For a second week in a row, the major asset classes rallied, with a notable exception: stocks in emerging markets. Otherwise, risk assets continued to recover in the trading week through Friday, Oct. 28, based on a set of ETFs.
US real estate investment trusts posted led the gainers last week via Vanguard Real Estate Index Fund (VNQ). The ETF surged 6.3%, building on the previous week’s rally.
Despite VNQ’s strong results over the past two weeks, the price trend remains decidedly bearish. One factor that’s creating headwinds for REITs, which are prized for relatively high payout rates: stronger competition from governm ent bonds in the wake of recent rate hikes by the Federal Reserve, which is expected to lift rates again at this week’s policy meeting (Nov. 2). The 10-year Treasury yield, for example, is currently 4.02% (as of Oct. 28), which is modestly above the 3.89% trailing 12-month yield for VNQ, according to Mornignstar.com.
The only slice of the major asset classes to lose ground last week: equities in emerging markets via Vanguard Emerging Markets Stock Index Fund (VWO), which fell 3.2%, closing near its lowest level in 2-1/2 years.
Last week’s broad-based rally lifted the Global Market Index (GMI.F), an unmanaged benchmark, maintained by CapitalSpectator.com. This index holds all the major asset classes (except cash) in market-value weights via ETFs and represents a competitive measure for multi-asset-class portfolio strategies overall. GMI.F posted another strong gain last week, rising 3.3% (red line in chart below).

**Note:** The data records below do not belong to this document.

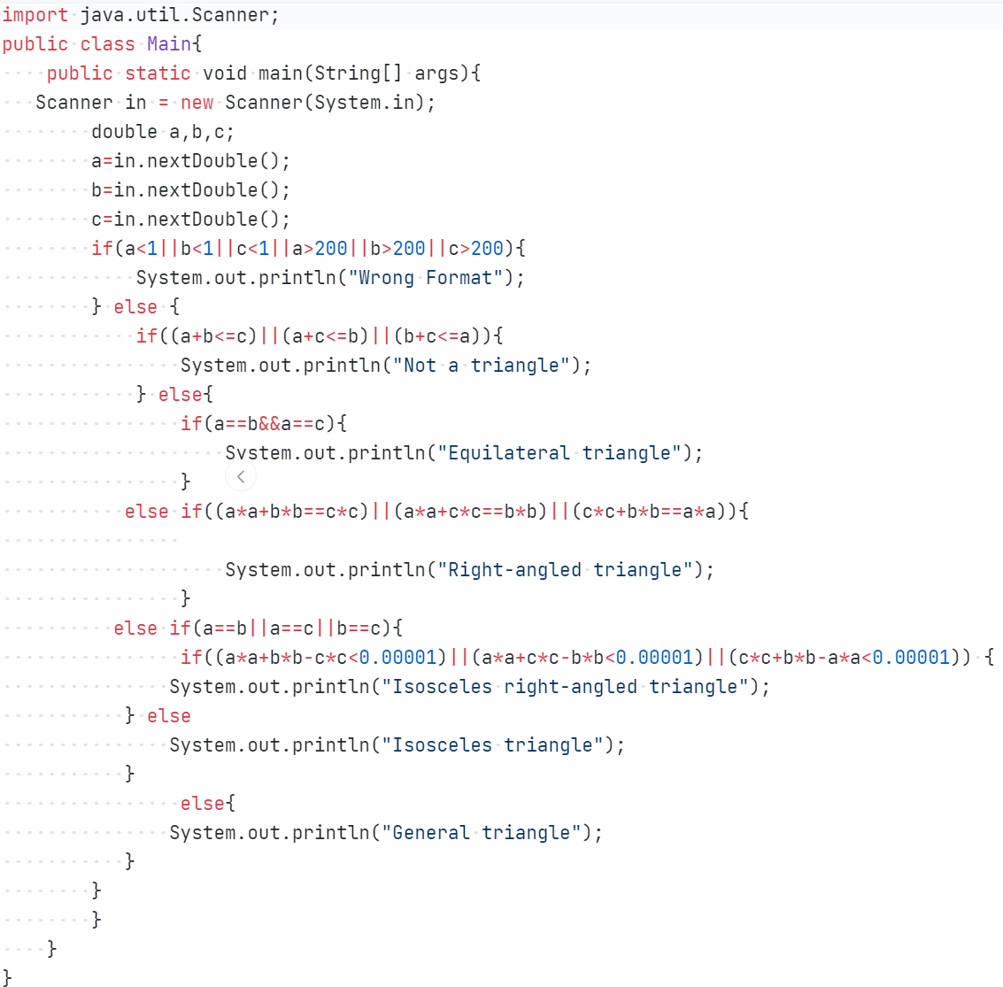 踩坑心得:在判断等腰直角三角形的时候,由于两条相等的直角边,第三边必定是一条根号边,但是由于不能输入根号,所以只能两条直角边的平方和减去第三条边的平方相差小于0.1就可以判断是等腰直角三角形。
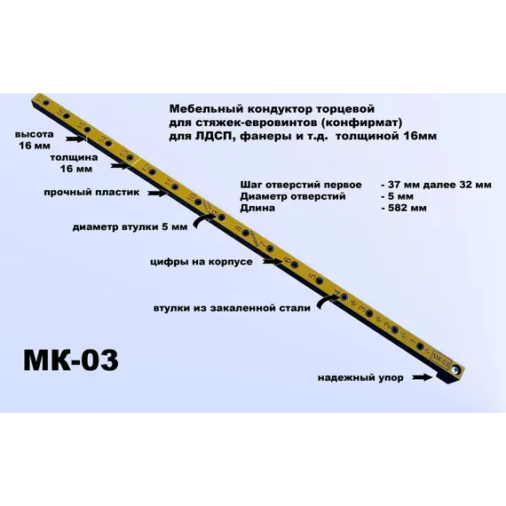 - Мебельный кондуктор кондуктор МК-03 предназначен для сверления отверстий 5 мм в торце плиты 16 мм с шагом отверстий 32 мм. (можно сверлить плиты и другой толщины с использованием переходников)
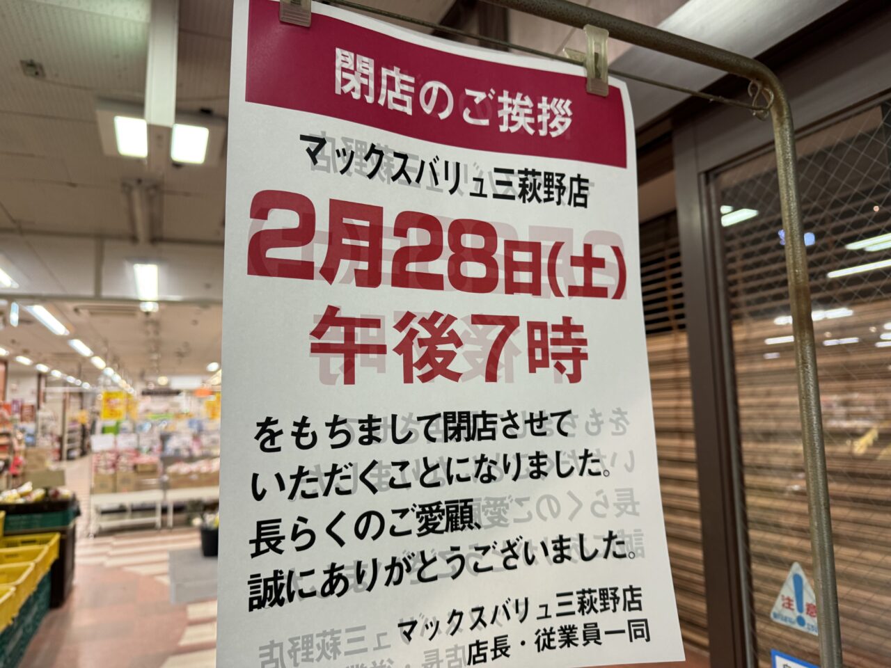 マックスバリュ三萩野店も2026年2月28日午後7時に閉店、というお知らせがありました。
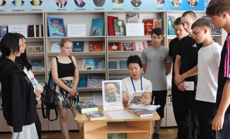 Библиотекарь рассказала о жизни и творчестве казахского поэта , Народного писателя Жубана Молдагалиева .
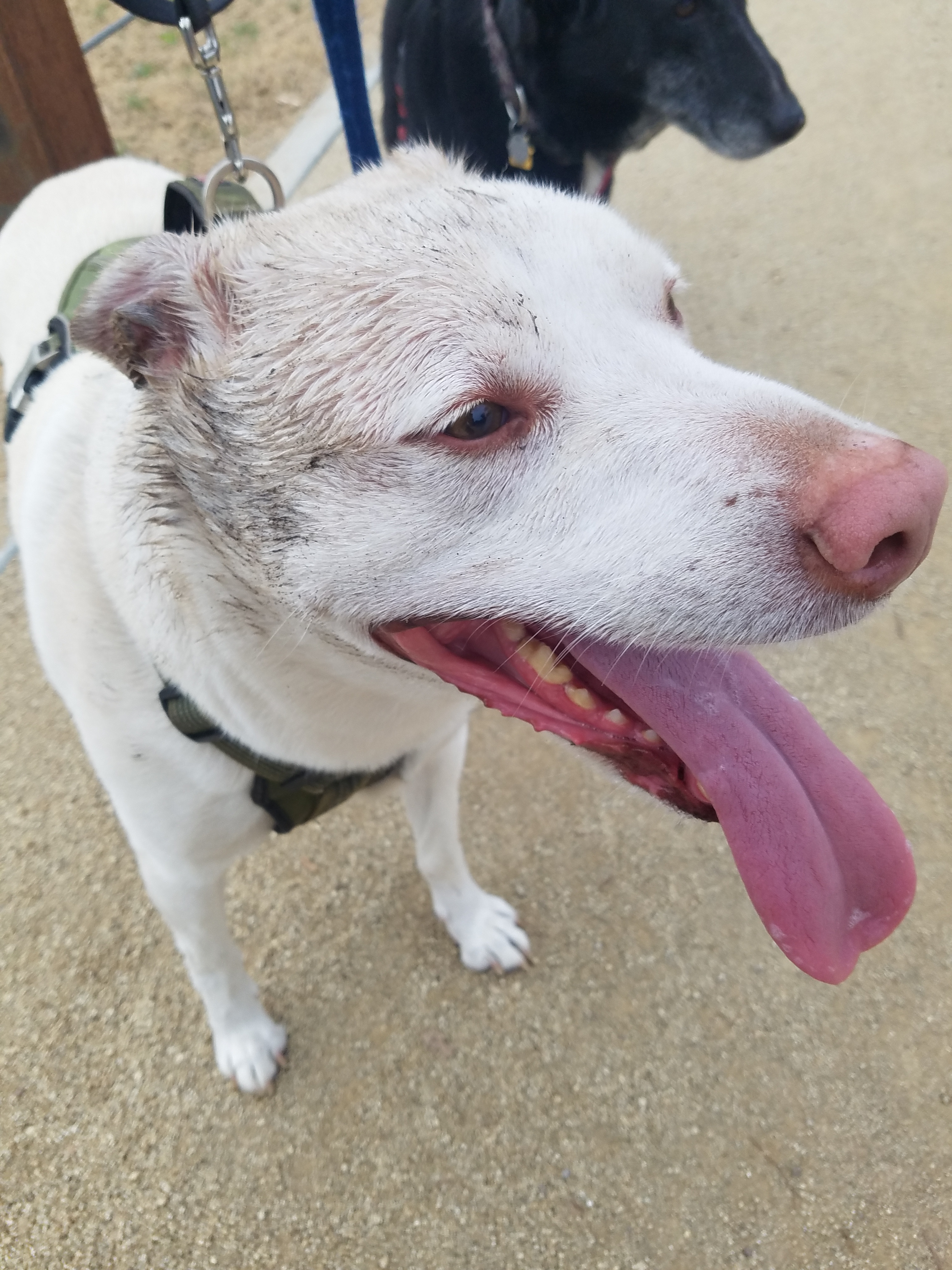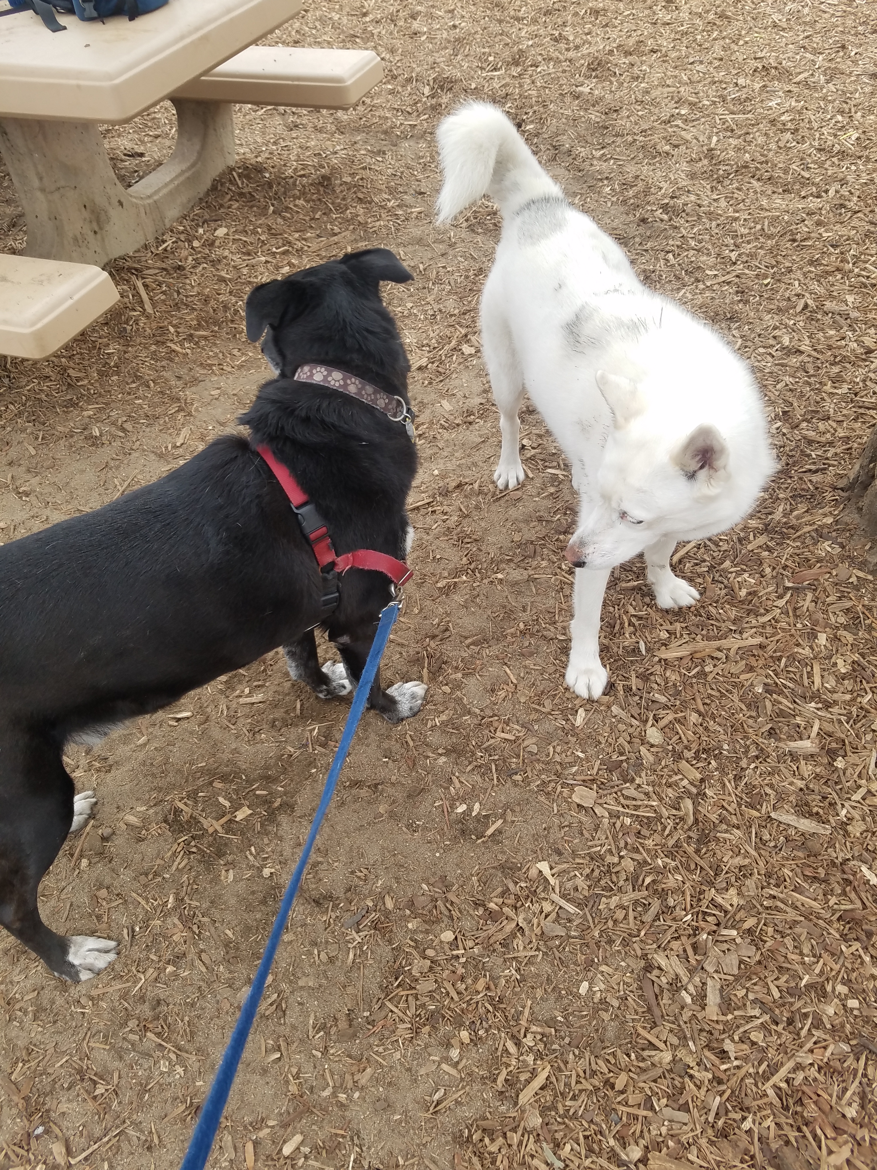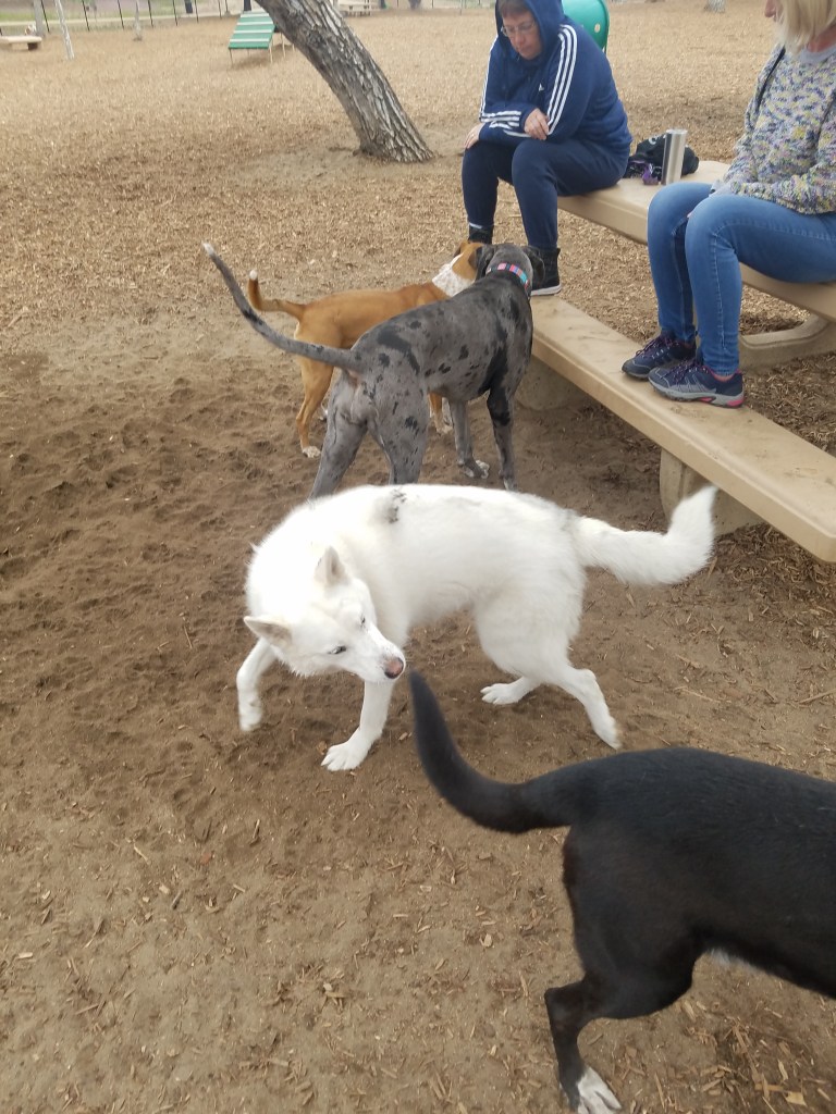 As we depart we pass a group of “special needs” adults. One stops to greet Dexter and Comet. She continues onward with a big smile. Imagine what a month of coming to this park will accomplish. I do not think Comet will become an extrovert like Dexter, but I think he might actually learn to have fun. Socializing is therapeutic.

Turning to the one-year trend, not much changed after last week’s trading. Commodities (GCC) remain the only gainer for the major asset classes. GCC is up a modest 3.4% over the past year, the lone winner vs. the rest of the field.
GMI.F is down 18.8% for the past year.
Comparing the major asset classes through a drawdown lens continues to show steep declines from previous peaks across the board. The softest drawdown at the moment: US junk bonds (JNK) with a 12.5% drawdown. Meanwhile, emerging markets stocks (VWO) reflect the deepest peak-to-trough decline with a roughly 34% slide.
GMI.F’s drawdown: -20.1% (green line in chart below).